Dhanteras, About Dhanteras Festival: Legends of Dhanteras,Traditions on Dhanteras,Dhanteras Significance

Dhanteras: Marking the beginning of the Diwali festival


The diwali festival is a five day festival, starting from dhanteras. Dhanteras also known as Dhanvantari Triodasi or Dhanatrayodashi or Yamadeepdaan or Asweyuja Bahula Thrayodasi / Dhantheran comes two days before the main deepavali. It falls on the auspicious thirteenth lunar day of Krishna Paksha in the Hindu month of Ashwin (October/November). Marking the beginning of the festival of lights, on dhanteras people worship goddess Laxmi. The word "Dhan" means wealth. On this day, the "Owl" form of the Goddess Laxmi is worshiped to provide wealth, prosperity and well being. This festival holds special significance for the business community due to customary purchases of precious metals on this day. Buy anything metal on dhanteras.



Legends of Dhanteras
A very interesting story about this festival is that the sixteen year old son of King Hima was destined to die on the fourth day of his marriage by snake bite according to his horoscope. On that fateful night, his wife did not allow him to sleep the whole night. At the entrance of her husband's room, she laid all her ornaments, gold and silver coins and lighted innumerable lamps all over the place. And she went on telling stories and singing songs to keep her husband awake. Yama, the god of Death arrived there in the guise of a Serpent. His eyes got blinded by that dazzle of those brilliant lights and he could not enter the Prince's chamber. So Yama climbed the heap of the coins and ornaments and sat there the whole night listening to the harmonious songs. In the early morning he went out quickly. In this way, the young wife saved her husband life. Since then this day of Dhanteras came to be known as the day of "YAMADEEPDAAN. " and lamps are kept burning throughout the night in reverential adoration to Yama, the god of death.

Another popular legend was that during "Samudramanthan" that is when the gods and demons churned the ocean for Amrit or nectar, Dhanavantri (the physician of the gods and an incarnation of Vishnu) emerged carrying a jar of the elixir (ambrosia) on the day of Dhanteras.
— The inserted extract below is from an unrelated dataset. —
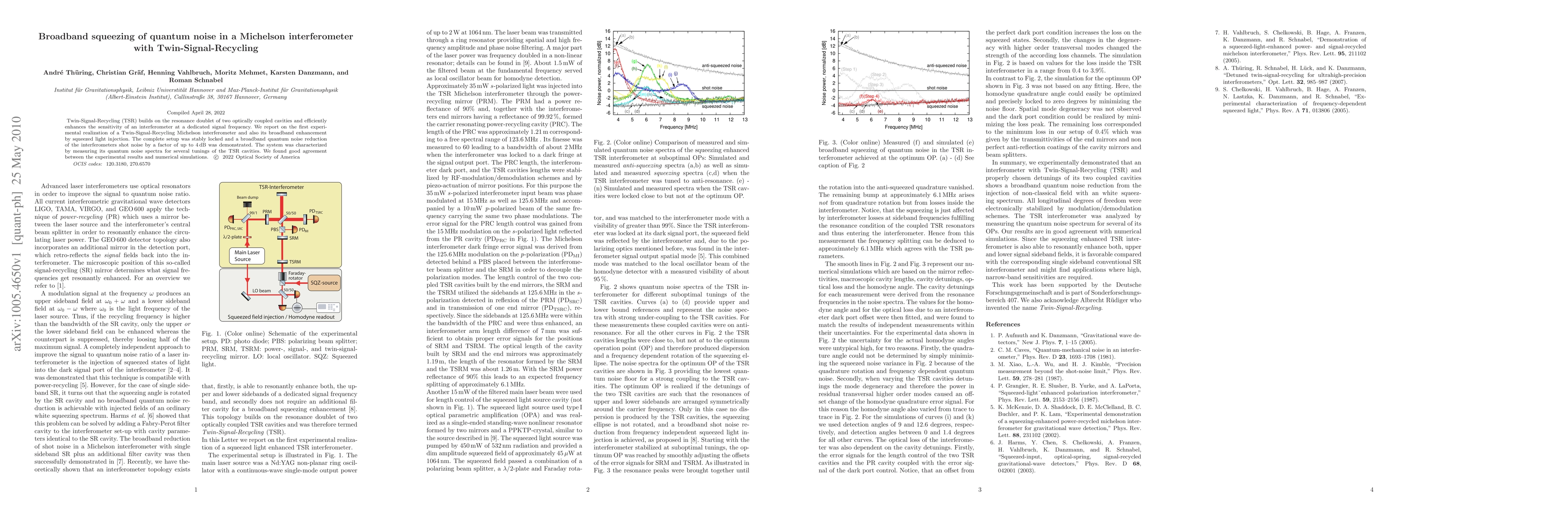 This paper reports the first experimental realization of a Twin-Signal-Recycling Michelson interferometer, achieving broadband quantum noise reduction by up to 4 dB through squeezed light injection. The system's performance was validated by comparing experimental quantum noise spectra with numerical simulations.

Both the demons and the devas wanted the ambrosia, but finally Vishnu managed to give the immortal nectar to the gods and the asuras were defeated. Thus the churning of the ocean resulted in the immortality of the devas and was the reason for Lakshmi's emergence.

Traditions on Dhanteras
Like any other Hindu festival, many rituals and customs are related with dhanteras also. On Dhanteras, it is considered auspicious to purchase gold or silver items. Many buy gold jewelry on this day. Silver and gold coins are also purchased. For those who cannot purchase gold or silver items, at least one or two new utensils or any metal objects like a diya, or a candle stand can be purchased . It is believed that new “Dhan” or wealth in some form of precious metal is a sign of good luck. People believe that prosperity come to their homes with any new utensil or metal item purchased on this day. Some people also feel that dhanteras is the best day for setting new business, starting new projects, fixing wedding dates, buying new cars.

Significance of Dhanteras
This day is considered highly auspicious by the business community. In Maharashtra there is a unique custom of lightly pound dry coriander seeds with jaggery and offering this mixture as "naivedya". In villages, farmers adorn and worship their cattle as cattles are the main source of their income. In south India, cows are decorated, given a special feed and worshipped as it is believed that goddess Lakshmi comes in the guise of cows. In some parts of India, people ignite "Yuma-diya" and worship the god of death for long lives. "Laxmi-Puja" is performed in the evenings. Diyas are lighted to drive away the evil spirits. "Bhajans"-devotional songs- in praise of Goddess Laxmi are also sung. To celebrate the auspicious day, houses and business premises are renovated and decorated. Entrances are decorated with Rangolis and Torans. To welcome Goddess Laksmi, small footprints are drawn with rice flour and vermilion powder all over the houses. Lamps are kept burning all through the nights to welcome the goddess Lakshmi and pray her to bless them with the mightiest blessings.